WHAT TO WORK ON. Look below for the lines from the one with "Esquemas con dibujos" to the one with "En el marco", and copy exactly those lines, both ends included.
━━ SUPPLIED RECORDS ━━
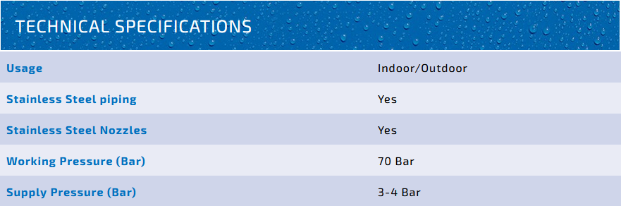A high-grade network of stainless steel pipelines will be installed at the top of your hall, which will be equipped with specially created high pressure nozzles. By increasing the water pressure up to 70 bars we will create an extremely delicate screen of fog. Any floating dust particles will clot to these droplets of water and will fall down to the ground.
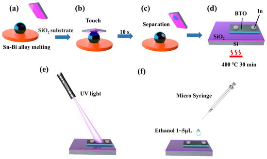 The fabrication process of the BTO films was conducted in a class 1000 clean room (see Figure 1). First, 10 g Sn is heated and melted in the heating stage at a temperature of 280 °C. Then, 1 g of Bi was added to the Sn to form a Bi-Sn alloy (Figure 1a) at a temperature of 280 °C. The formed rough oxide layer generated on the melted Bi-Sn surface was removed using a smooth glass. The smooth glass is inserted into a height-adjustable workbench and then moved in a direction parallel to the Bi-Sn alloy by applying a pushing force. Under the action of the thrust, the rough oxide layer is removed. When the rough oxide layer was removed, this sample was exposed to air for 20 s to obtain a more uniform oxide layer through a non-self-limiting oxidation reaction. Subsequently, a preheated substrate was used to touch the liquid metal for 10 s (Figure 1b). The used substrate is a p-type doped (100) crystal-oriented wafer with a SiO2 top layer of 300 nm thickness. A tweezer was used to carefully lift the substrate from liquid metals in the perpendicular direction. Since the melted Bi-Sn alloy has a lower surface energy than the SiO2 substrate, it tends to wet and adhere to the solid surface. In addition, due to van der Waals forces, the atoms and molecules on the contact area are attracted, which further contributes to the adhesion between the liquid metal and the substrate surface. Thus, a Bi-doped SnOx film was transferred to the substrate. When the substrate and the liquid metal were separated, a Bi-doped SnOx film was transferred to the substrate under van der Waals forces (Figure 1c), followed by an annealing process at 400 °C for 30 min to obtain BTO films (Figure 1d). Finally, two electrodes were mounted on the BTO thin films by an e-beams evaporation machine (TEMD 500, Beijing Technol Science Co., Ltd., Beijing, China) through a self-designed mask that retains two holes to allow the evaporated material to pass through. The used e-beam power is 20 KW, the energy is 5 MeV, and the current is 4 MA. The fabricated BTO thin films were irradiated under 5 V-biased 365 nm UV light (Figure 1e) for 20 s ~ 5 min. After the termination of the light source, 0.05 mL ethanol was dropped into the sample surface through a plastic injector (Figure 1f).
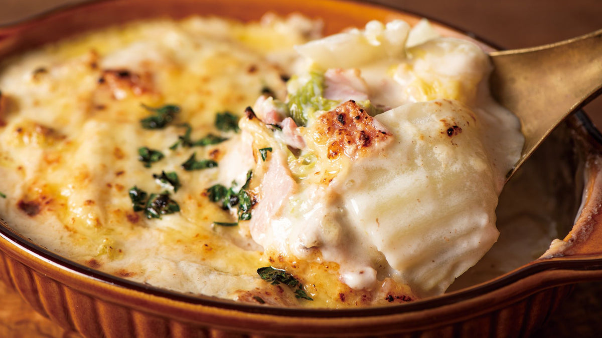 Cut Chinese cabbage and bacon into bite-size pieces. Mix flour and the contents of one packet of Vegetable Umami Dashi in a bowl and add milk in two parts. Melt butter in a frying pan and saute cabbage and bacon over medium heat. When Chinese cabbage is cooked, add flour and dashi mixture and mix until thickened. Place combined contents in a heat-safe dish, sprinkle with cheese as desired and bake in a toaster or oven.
━━━
━━ SUPPLIED RECORDS ━━
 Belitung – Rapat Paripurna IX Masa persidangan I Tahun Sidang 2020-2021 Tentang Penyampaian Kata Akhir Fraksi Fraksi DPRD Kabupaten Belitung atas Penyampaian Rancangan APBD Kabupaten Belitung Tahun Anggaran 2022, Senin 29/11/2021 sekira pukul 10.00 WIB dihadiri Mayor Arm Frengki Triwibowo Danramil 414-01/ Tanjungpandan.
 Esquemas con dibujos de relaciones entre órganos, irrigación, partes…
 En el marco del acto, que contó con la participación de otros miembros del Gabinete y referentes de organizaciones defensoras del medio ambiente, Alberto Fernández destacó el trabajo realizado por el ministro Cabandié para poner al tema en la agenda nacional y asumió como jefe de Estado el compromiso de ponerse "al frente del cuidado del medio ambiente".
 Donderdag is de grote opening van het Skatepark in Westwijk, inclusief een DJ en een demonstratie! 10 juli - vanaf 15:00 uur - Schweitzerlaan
━━━
━━ SUPPLIED RECORDS ━━
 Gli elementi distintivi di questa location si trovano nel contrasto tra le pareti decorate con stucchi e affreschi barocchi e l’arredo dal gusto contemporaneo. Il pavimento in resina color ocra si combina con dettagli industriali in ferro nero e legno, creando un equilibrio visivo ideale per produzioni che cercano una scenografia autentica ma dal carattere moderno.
━━━
TASK ANSWER.
 Esquemas con dibujos de relaciones entre órganos, irrigación, partes…
 En el marco del acto, que contó con la participación de otros miembros del Gabinete y referentes de organizaciones defensoras del medio ambiente, Alberto Fernández destacó el trabajo realizado por el ministro Cabandié para poner al tema en la agenda nacional y asumió como jefe de Estado el compromiso de ponerse "al frente del cuidado del medio ambiente".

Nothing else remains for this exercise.